In 1990 little was known about Alzheimer’s when the doctor called saying, “I’m sorry, Carol has a dementia disease known as Alzheimer’s.” She was sixty-four years old and I didn’t believe it. I had to fight my way in and out of the disease's process to learn it. Being a gay couple, we didn’t run into many folks like us at caregiver support groups and felt this story needed telling.
"Today is the first day I've had the desire to write. I've thought about it for months, even years, but this is the first time I feel the need. I want to write of the struggle she's going through with this horrific disease; the everyday living. I want to write how the caregiver loses herself along with the victim. Victim--first time I've used that word. But there is no other word that best describes it. Carol is a victim of time.

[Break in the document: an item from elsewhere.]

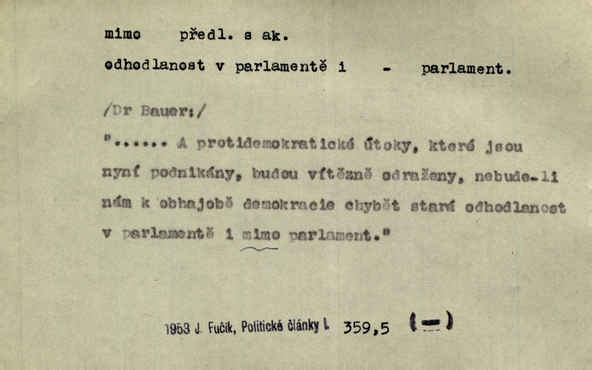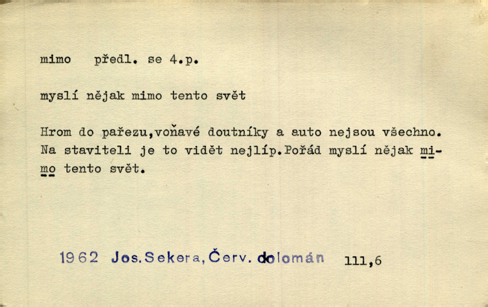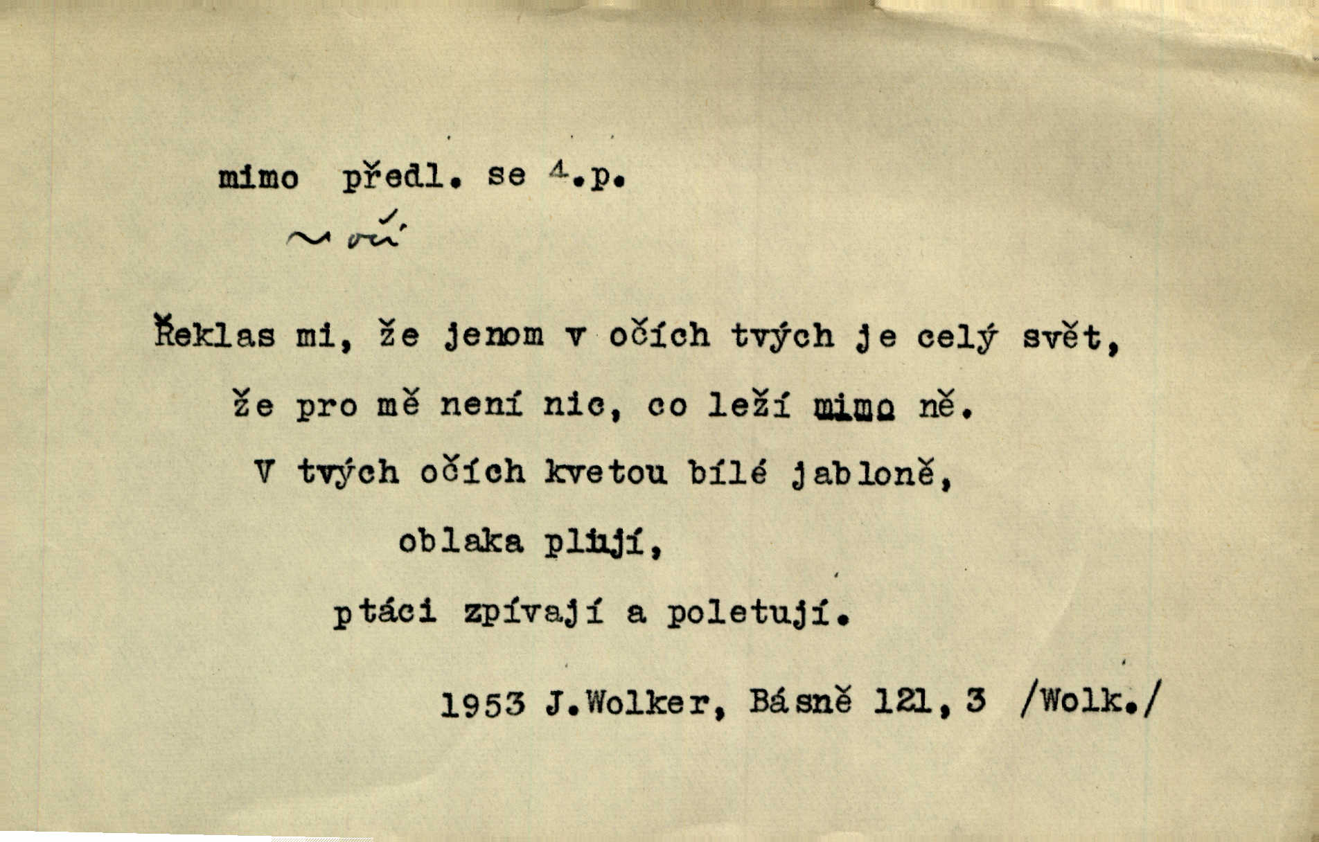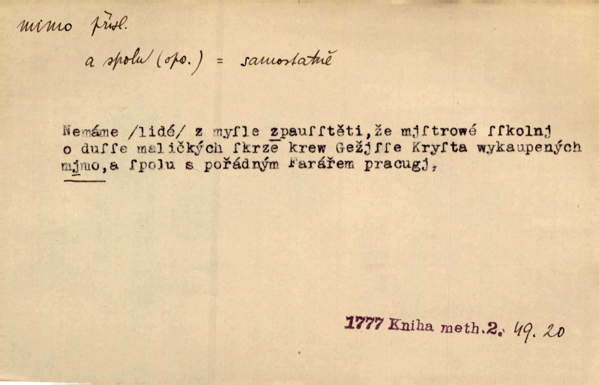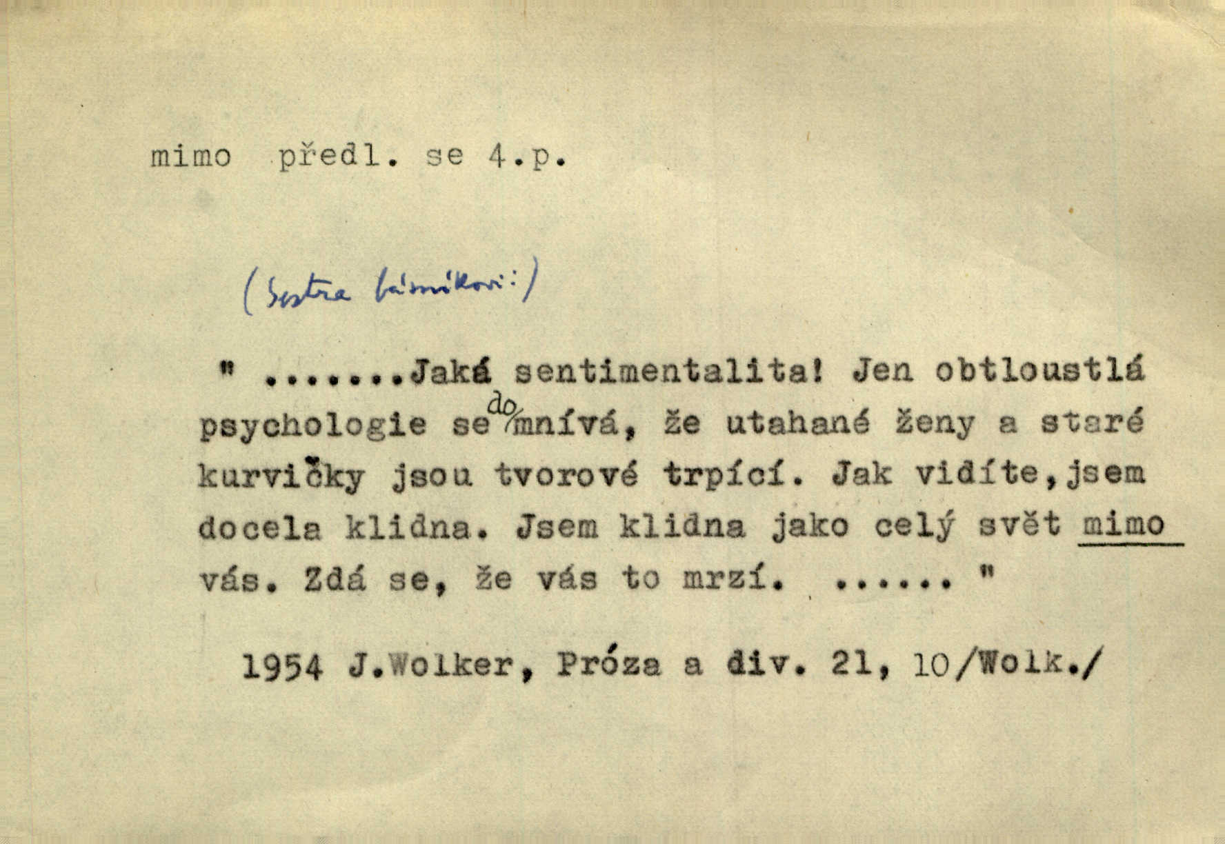 - mimo adv. stranou, vedle. Pátou [ránu] pustil [střelec] mimo. Ehrenb. Škoda každé rány, která jde mimo. Přísl. Když jsem se hnal přes prkno, skočil jsem mimo, do té louže. Jir. Usmál se lhostejně a hledě mimo poznamenal. Maria. On zvyklý počítati věcnými faktory; věci nehotové leží mu jaksi mimo. Šmil. D podle, kolem, okolo. Nechť, kdo mimo jdou, se pokřižují. Heyd. Lidé spěchali kvapným krokem mimo. Mach. D vyjma, kromě, leda. Mimo v řezbách okrasních vidíme plody výtvarného umění také na japonském bronzu. Ner. Žid mimo sobě a komoře královské stěží komu jinému býval za užitele. Win. Aniž si byl kdo, že nový host do světnice přibyl, povšimnul; mimo hospodský, který častěji se byl po dvéřích ohlížel. Tyl. D mimochodem. Úžasných věcí nám při tom [čtení Caesara] nabíjeli do hlavy: strategii, taktiku, ale všecko suše, bez map, obrazů, jen tak mimo jako vedlejší věc. Mach.

"I've lost any thought that she'll get better. I've come to the conclusion I'm living alone, even though she's with me in body. She doesn't talk to me in understandable conversation. We play charades to discover what she wants. I've stopped all walks and exercise. I don't want to go to the store because I'm alone, even though she's at my side. I hate life. I'm eating fatty foods, hoping to have a heart attack and die. Then I won't have to face her dying in front of me, inch by inch."
Am I at peace with what I wrote? I’ll say yes, but at times I wish I had written it in story book form. But this was the truth, what actually happened, written in my words and Carol’s daily date books. But I won’t truly be at peace until I see a cure for this horrendous disease.
Carol's Alzheimer's led me to lead support groups, work in Adult Day Care and an Assisted Living facility. Alzheimer’s is still in my life every day, as I help others online or wherever I live.
So many years later, Carol comes to me as Flutter By, her name for Butterfly. She comes in dreams. At times I feel her surround me saying, "Everything will be okay." Especially when I was living in a homeless shelter.